● **Records**:
· · · ·

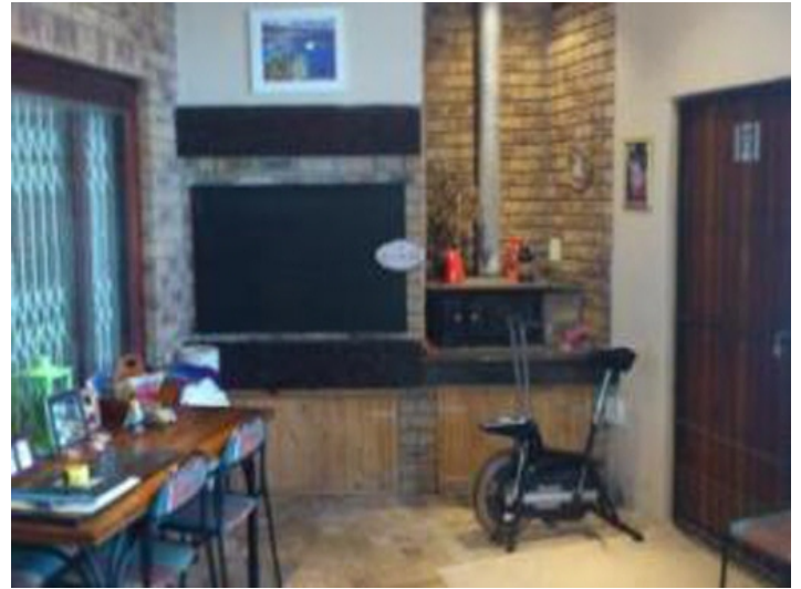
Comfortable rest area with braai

· · · ·

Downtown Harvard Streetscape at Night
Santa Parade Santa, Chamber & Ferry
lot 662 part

· · · ·

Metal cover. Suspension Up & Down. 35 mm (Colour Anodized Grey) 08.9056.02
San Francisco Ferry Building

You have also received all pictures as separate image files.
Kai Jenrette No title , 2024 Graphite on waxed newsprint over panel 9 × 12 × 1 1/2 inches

· · · ·

Search the data for the word "Ferry" and copy each line where it appears.

● **Exercise result**:
Santa Parade Santa, Chamber & Ferry
San Francisco Ferry Building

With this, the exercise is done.